### Exercise instructions
From the data below, return only the lines from the one with "(‘L’ shaped room)" through the one with "Green Car Puzzle", exact and inclusive, with pictures left out.

### Available records
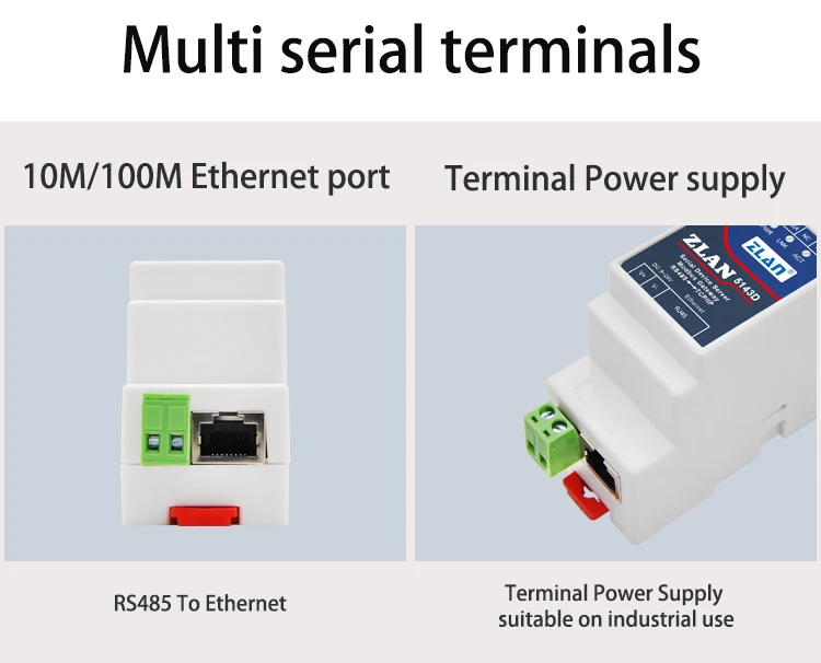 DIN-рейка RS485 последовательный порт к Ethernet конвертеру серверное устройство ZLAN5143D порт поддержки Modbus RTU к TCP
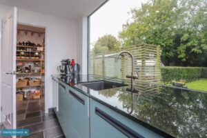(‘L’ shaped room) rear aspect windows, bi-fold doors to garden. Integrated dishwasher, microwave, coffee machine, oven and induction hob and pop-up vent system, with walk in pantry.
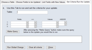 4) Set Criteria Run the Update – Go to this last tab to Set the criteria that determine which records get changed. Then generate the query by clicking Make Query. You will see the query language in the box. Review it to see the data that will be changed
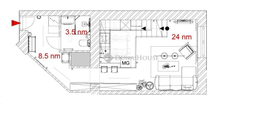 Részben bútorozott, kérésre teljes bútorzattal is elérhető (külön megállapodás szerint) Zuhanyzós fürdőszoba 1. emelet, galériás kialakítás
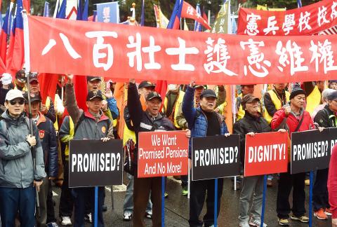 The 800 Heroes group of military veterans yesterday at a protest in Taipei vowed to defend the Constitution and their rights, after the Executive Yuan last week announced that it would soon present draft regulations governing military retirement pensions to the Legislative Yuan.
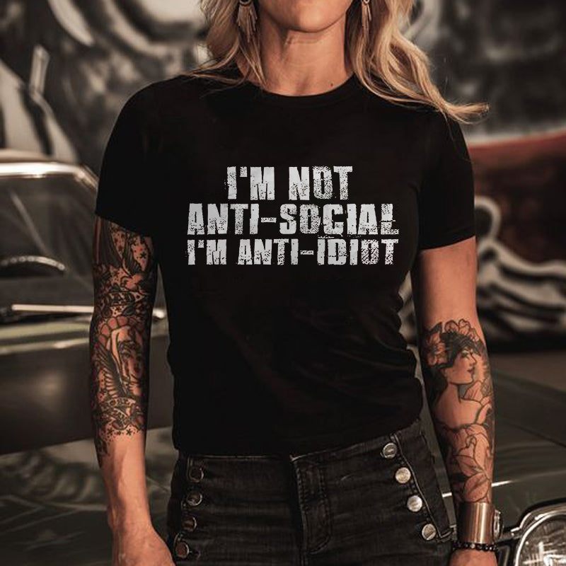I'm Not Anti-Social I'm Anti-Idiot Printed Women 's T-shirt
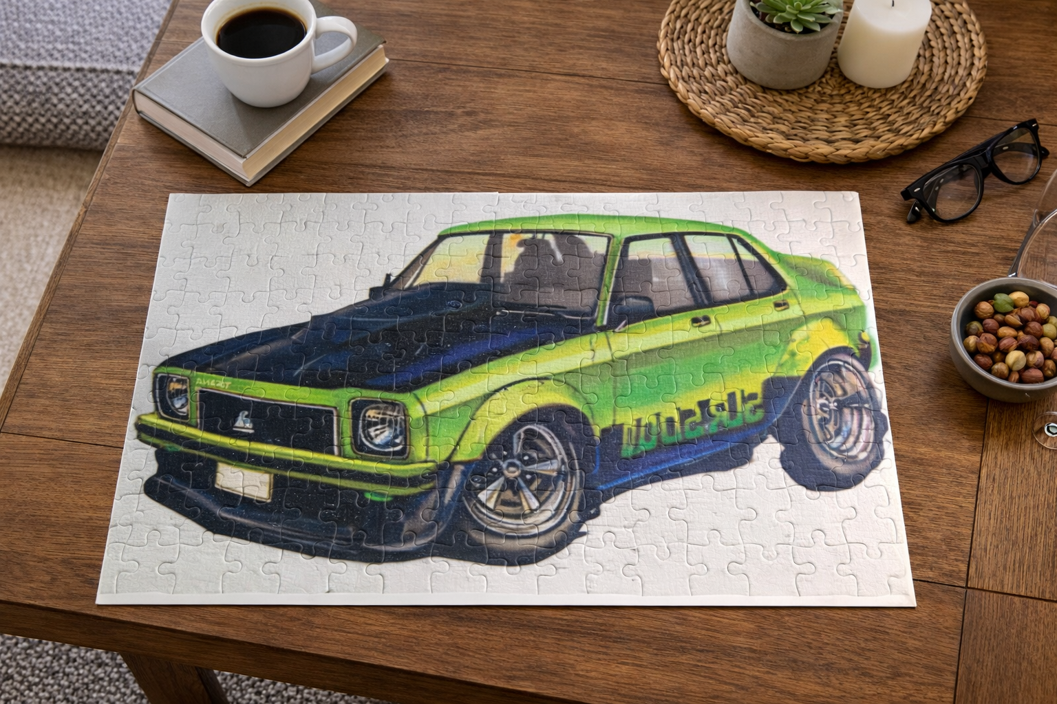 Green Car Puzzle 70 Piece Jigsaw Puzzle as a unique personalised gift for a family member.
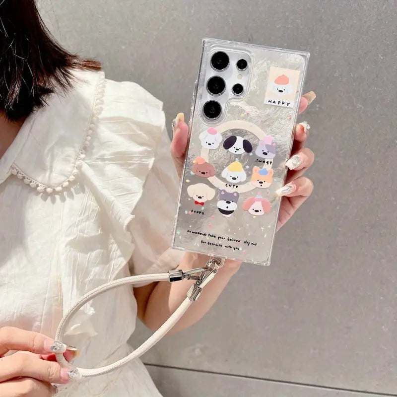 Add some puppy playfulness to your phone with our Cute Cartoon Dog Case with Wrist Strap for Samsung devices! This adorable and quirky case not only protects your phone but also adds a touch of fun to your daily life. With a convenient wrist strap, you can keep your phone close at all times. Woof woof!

### Task response
(‘L’ shaped room) rear aspect windows, bi-fold doors to garden. Integrated dishwasher, microwave, coffee machine, oven and induction hob and pop-up vent system, with walk in pantry.
 4) Set Criteria Run the Update – Go to this last tab to Set the criteria that determine which records get changed. Then generate the query by clicking Make Query. You will see the query language in the box. Review it to see the data that will be changed
 Részben bútorozott, kérésre teljes bútorzattal is elérhető (külön megállapodás szerint) Zuhanyzós fürdőszoba 1. emelet, galériás kialakítás
 The 800 Heroes group of military veterans yesterday at a protest in Taipei vowed to defend the Constitution and their rights, after the Executive Yuan last week announced that it would soon present draft regulations governing military retirement pensions to the Legislative Yuan.
I'm Not Anti-Social I'm Anti-Idiot Printed Women 's T-shirt
 Green Car Puzzle 70 Piece Jigsaw Puzzle as a unique personalised gift for a family member.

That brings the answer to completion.